Exact reproduction is required for the lines below starting at the line with "υπουργός Επικρατείας επισήμανε" and ending at the line with "图五 刺苋侵占菜地且招来更多害虫", both included. No other lines, and no pictures.

RECORDS TO USE:
--

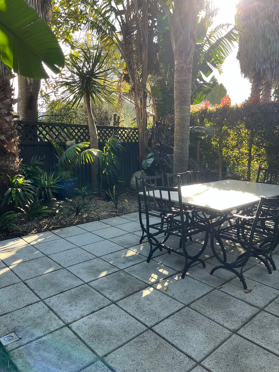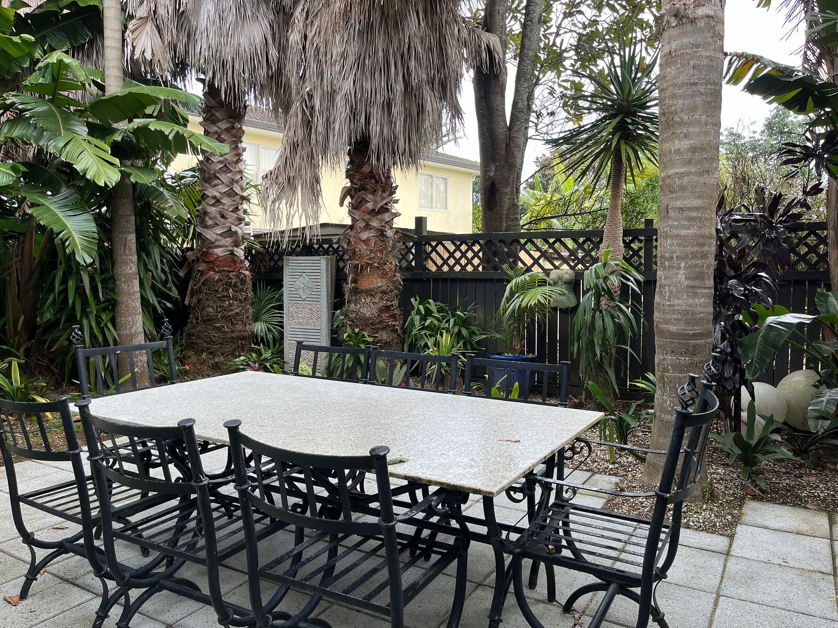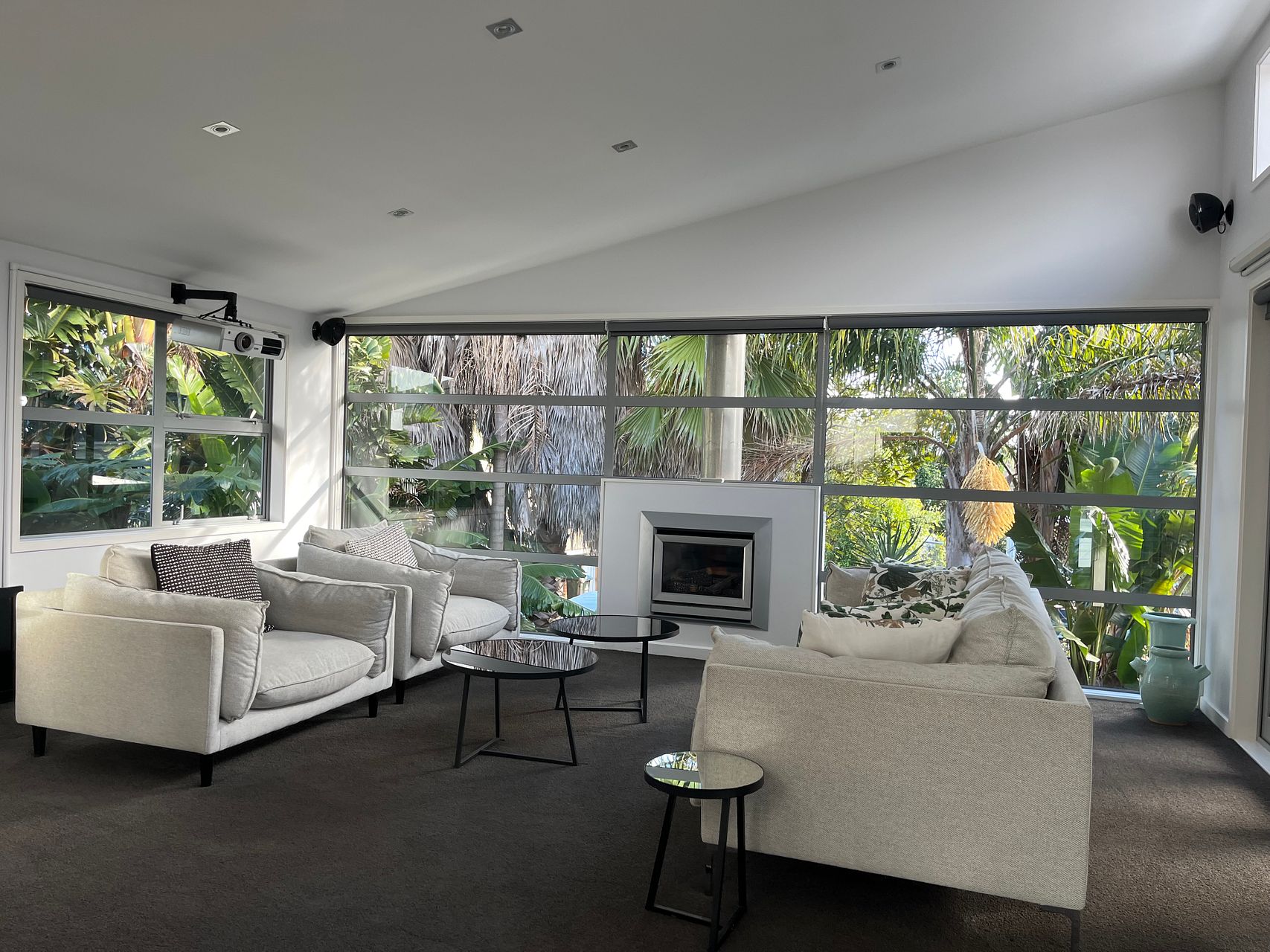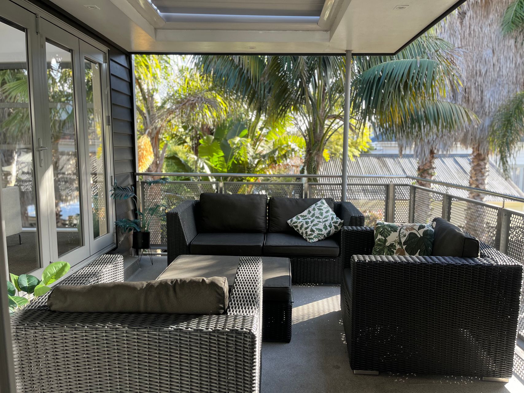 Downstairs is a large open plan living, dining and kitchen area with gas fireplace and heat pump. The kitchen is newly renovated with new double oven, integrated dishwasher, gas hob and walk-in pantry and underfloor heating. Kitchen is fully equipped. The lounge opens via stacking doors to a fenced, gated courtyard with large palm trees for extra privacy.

--

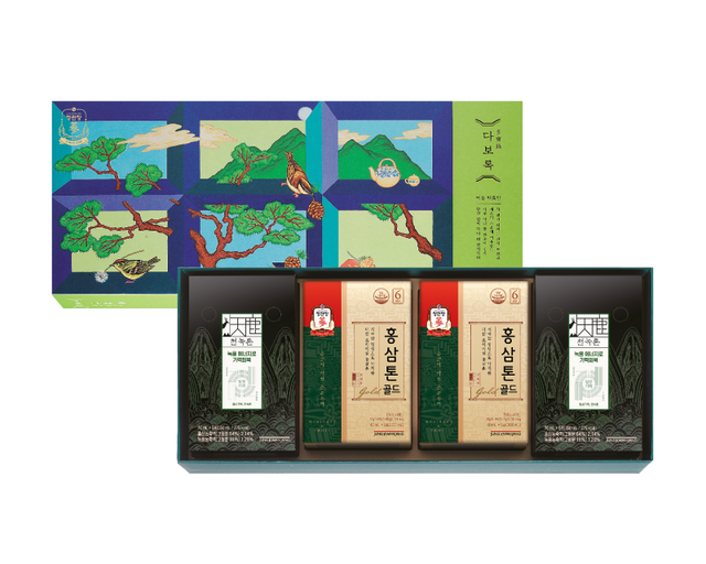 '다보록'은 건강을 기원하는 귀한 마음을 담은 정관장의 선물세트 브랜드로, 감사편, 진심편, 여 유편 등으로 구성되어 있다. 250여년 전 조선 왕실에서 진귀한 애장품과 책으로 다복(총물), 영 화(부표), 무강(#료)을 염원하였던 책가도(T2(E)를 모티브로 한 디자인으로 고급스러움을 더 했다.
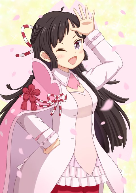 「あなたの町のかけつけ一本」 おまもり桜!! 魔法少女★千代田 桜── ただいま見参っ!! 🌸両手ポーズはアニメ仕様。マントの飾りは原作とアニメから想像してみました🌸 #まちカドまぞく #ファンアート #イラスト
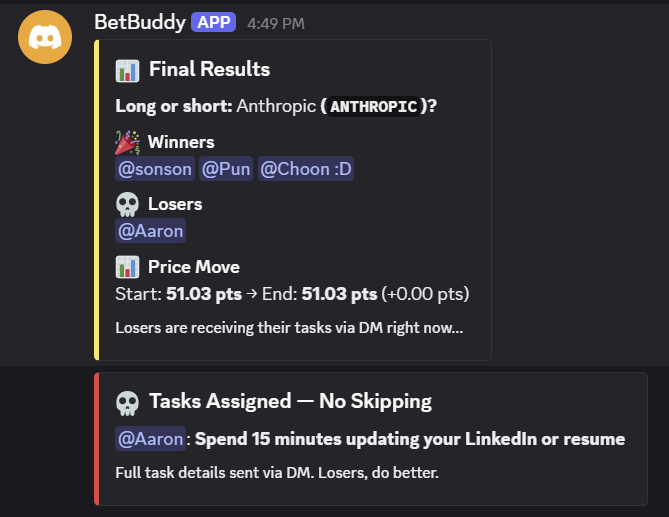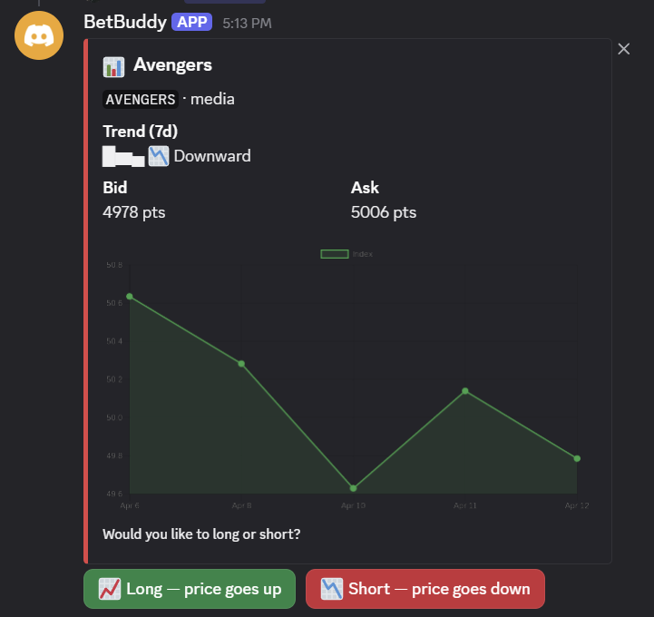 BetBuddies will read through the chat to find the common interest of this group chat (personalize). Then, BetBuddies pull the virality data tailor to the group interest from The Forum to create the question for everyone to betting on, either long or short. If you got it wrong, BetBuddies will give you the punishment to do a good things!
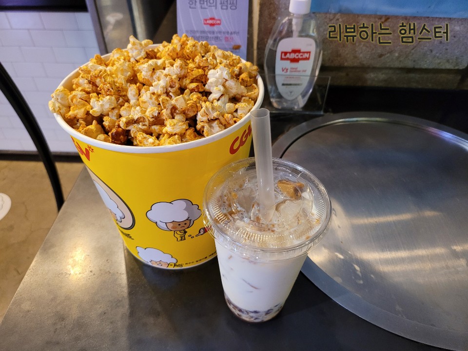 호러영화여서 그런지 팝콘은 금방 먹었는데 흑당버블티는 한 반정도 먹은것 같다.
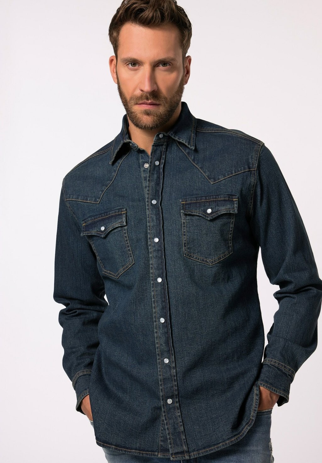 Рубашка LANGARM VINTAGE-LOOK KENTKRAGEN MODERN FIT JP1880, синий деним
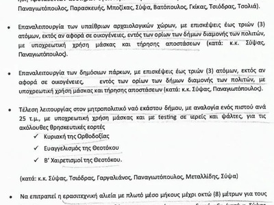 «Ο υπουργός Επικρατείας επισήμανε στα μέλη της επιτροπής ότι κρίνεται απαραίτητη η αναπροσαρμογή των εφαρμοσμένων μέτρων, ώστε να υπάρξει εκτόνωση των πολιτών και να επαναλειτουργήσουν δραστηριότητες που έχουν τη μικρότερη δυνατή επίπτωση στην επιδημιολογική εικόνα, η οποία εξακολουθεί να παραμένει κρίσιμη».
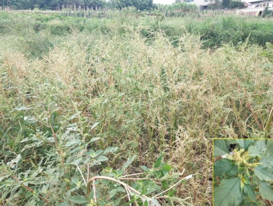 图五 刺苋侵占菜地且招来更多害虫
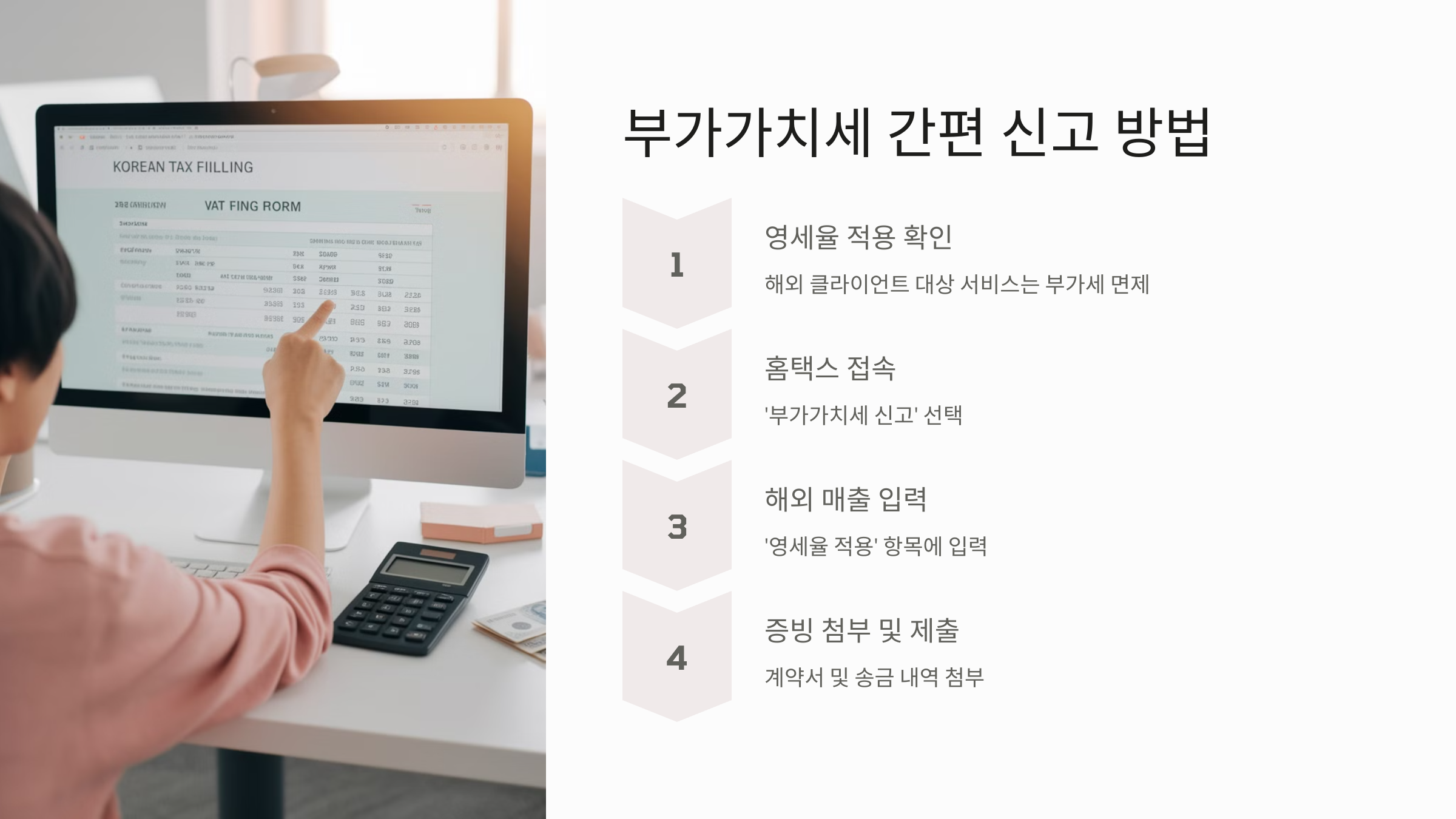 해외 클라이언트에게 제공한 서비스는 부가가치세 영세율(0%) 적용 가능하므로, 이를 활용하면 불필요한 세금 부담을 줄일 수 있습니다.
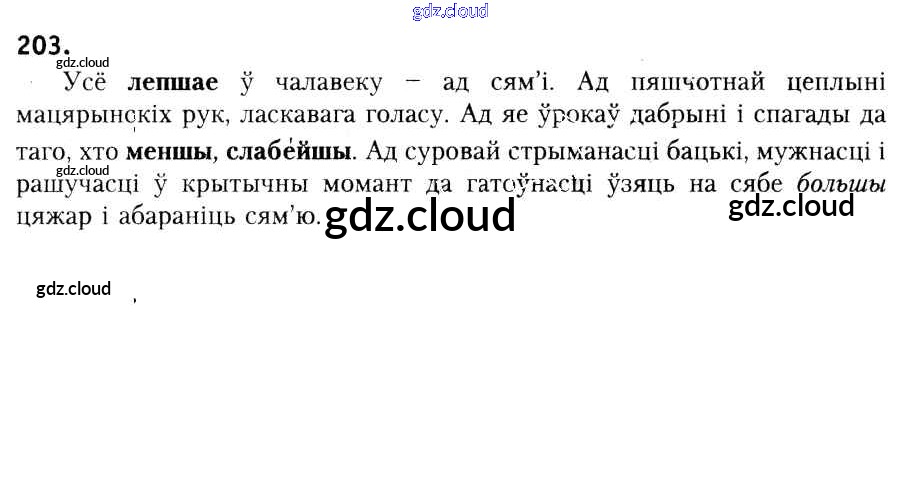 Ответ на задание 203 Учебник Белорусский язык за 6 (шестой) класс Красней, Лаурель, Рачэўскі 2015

--

RESPONSE:
 «Ο υπουργός Επικρατείας επισήμανε στα μέλη της επιτροπής ότι κρίνεται απαραίτητη η αναπροσαρμογή των εφαρμοσμένων μέτρων, ώστε να υπάρξει εκτόνωση των πολιτών και να επαναλειτουργήσουν δραστηριότητες που έχουν τη μικρότερη δυνατή επίπτωση στην επιδημιολογική εικόνα, η οποία εξακολουθεί να παραμένει κρίσιμη».
 图五 刺苋侵占菜地且招来更多害虫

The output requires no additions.